# Given information
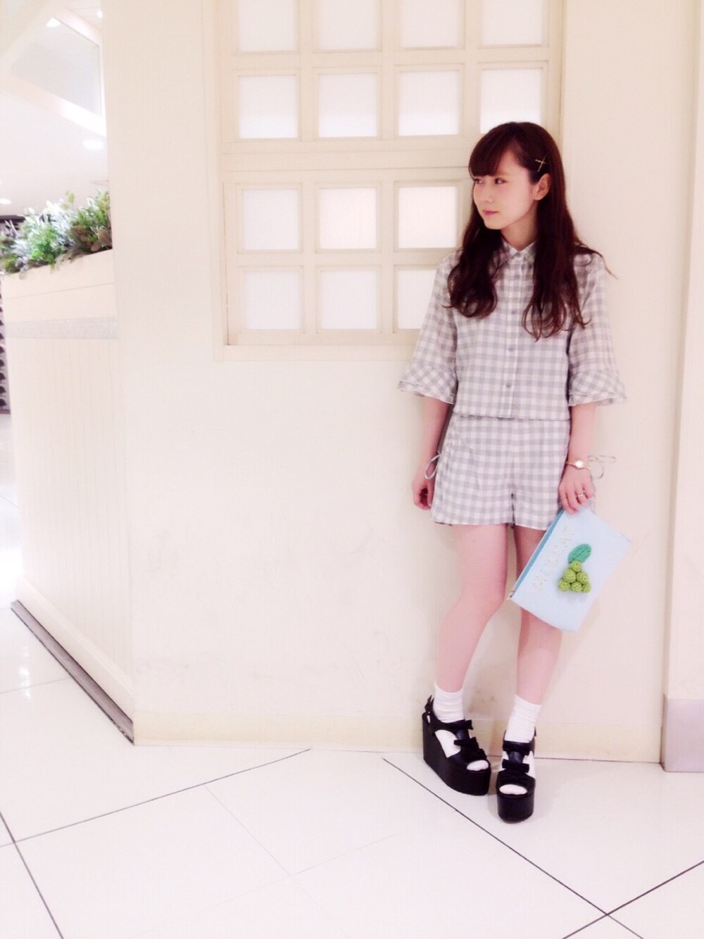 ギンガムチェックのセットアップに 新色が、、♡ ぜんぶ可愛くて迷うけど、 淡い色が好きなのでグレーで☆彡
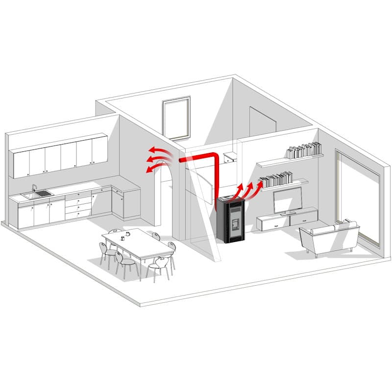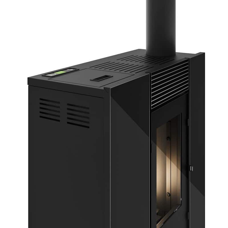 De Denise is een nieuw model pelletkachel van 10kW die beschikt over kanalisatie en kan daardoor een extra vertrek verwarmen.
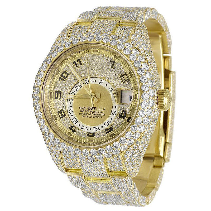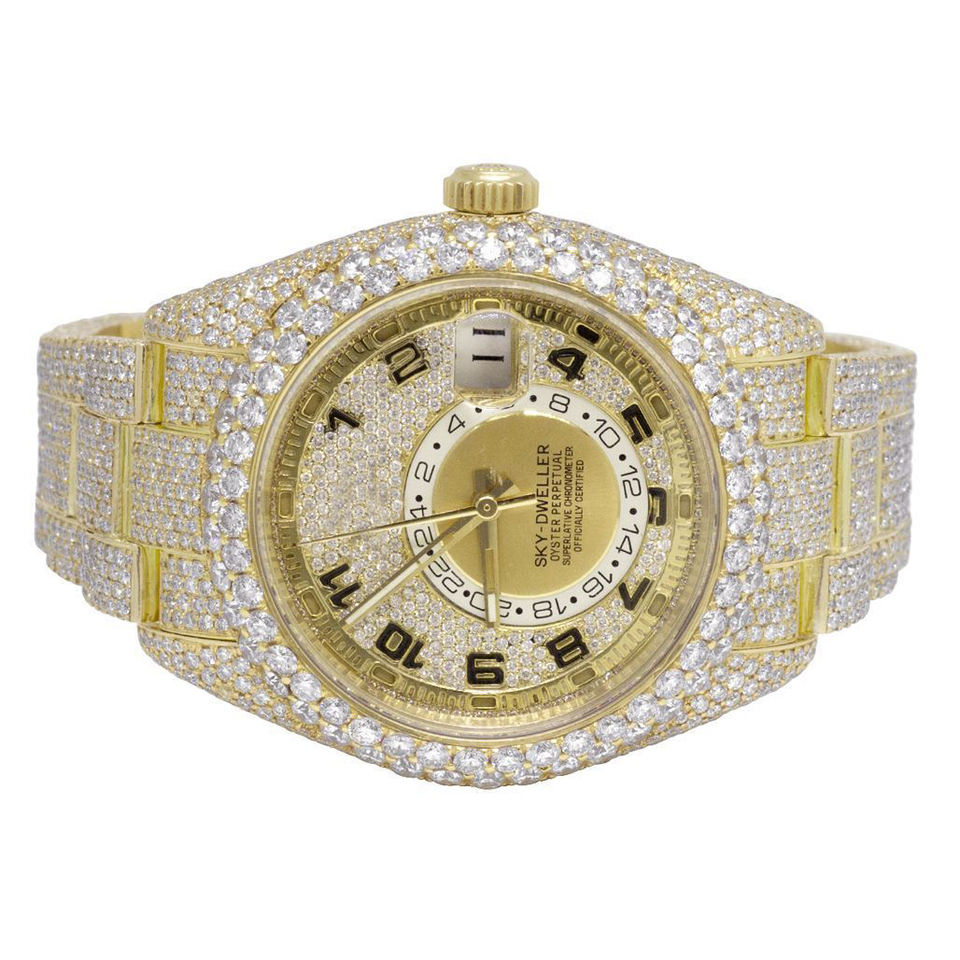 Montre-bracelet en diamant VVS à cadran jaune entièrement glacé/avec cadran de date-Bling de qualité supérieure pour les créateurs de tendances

# Problem to work on
Copy verbatim the span that begins at the line containing "De Denise is" and ends at the last line of the material, inclusive of both; exclude pictures.

# Task output
 De Denise is een nieuw model pelletkachel van 10kW die beschikt over kanalisatie en kan daardoor een extra vertrek verwarmen.
 Montre-bracelet en diamant VVS à cadran jaune entièrement glacé/avec cadran de date-Bling de qualité supérieure pour les créateurs de tendances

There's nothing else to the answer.